Published in PC Hardware

SoCs made more reliable

by on10 September 2015


On-Chip error correction is the way forward

UK-based silicon IP firm UltraSoC has come up with a way of making SoC's more reliable using on chip error correction.

Finding intermittent errors in a chip is a nightmare particularly as SoC design it is becoming more complex.

UltraSoC told Electronics Weekly says that the problem arises when designs use shared resources on the chip such as bus bandwidth and memory.

Bus deadlocks come about when a processor can be waiting for a response from another sub-system via an on-chip bus such as AXI or OCP, but the response never arrives.

Gadge Panesar, UltraSoC, chief technology officer thinks he has fixed the problem by adding deadlock detection to its SoC analysis, profiling and debug.

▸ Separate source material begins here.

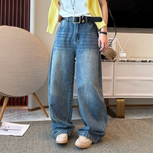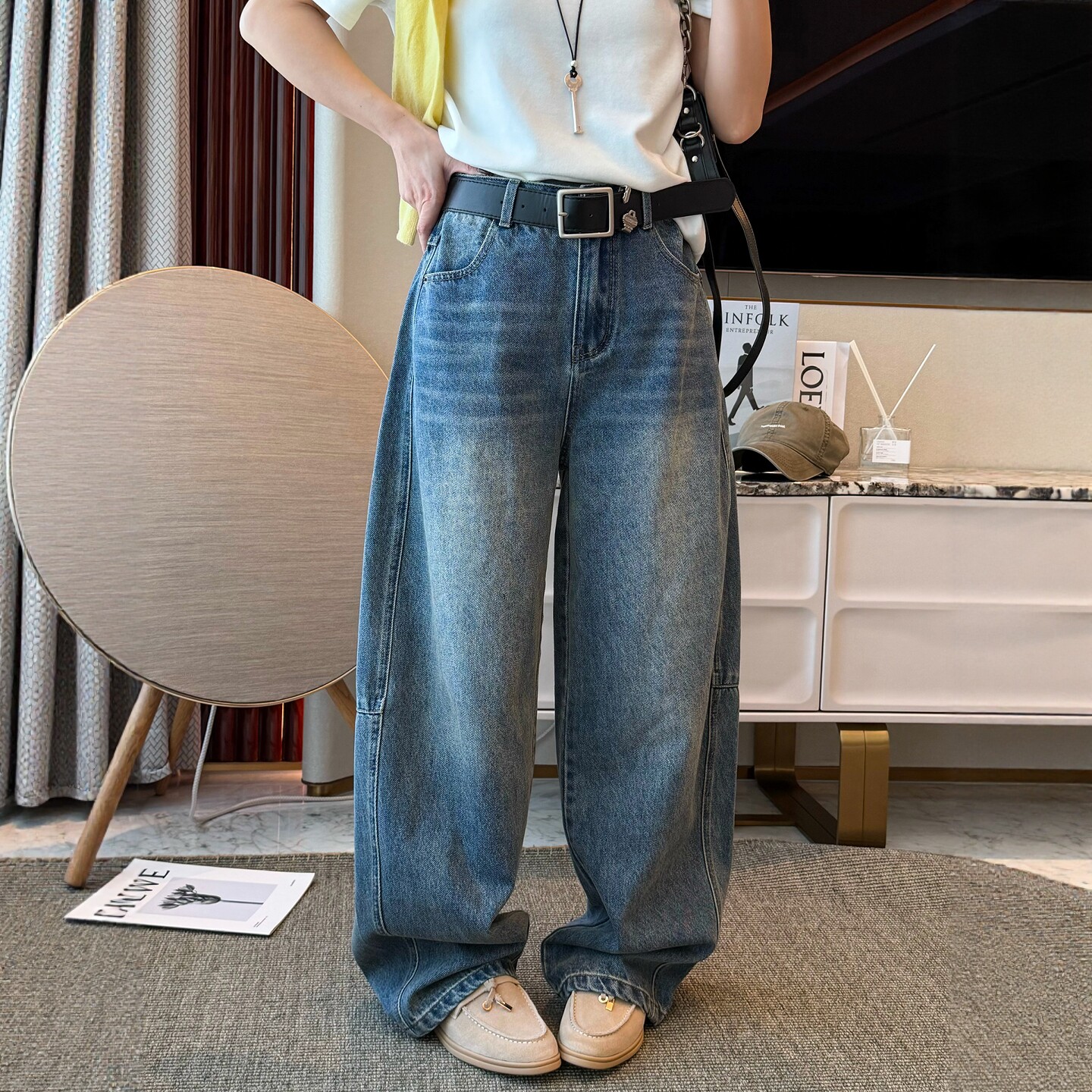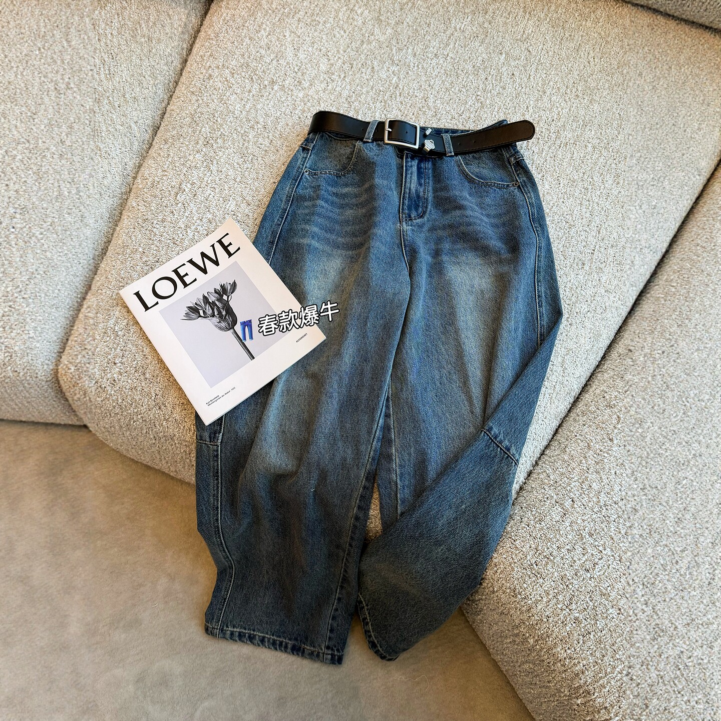 直筒裤 复古磨破弯刀阔腿牛仔裤 欧货女装 新款 子潮 女欧洲站2026春装
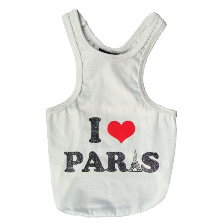 Für alle Paris-Romantiker... Das Hundeshirt von Doggydolly darf auf der Reise nach Frankreich nicht fehlen. Das Hundetanktop hat einen Aufdruck der die Worte "I love Paris" und einen stilisierter Eifelturm zeigt. Dabei wurde das Wort "love" durch ein rotes Herz ersetzt.

"Our customers tell us that intermittent deadlock and stall conditions are amongst the hardest problems to solve in their SoC designs. These conditions are a major contributor to the current crisis in the SoC industry," he said.

UltraSoC's approach is to allow designers to "look inside" the SoC design at wire speed, during normal operation.

This is all bleeding edge stuff and it is unclear how much of these designs will be adopted. UltraSoC is mostly focused on Arm designs and it will demonstrate its new deadlock detection capabilities at ARM TechCon in November.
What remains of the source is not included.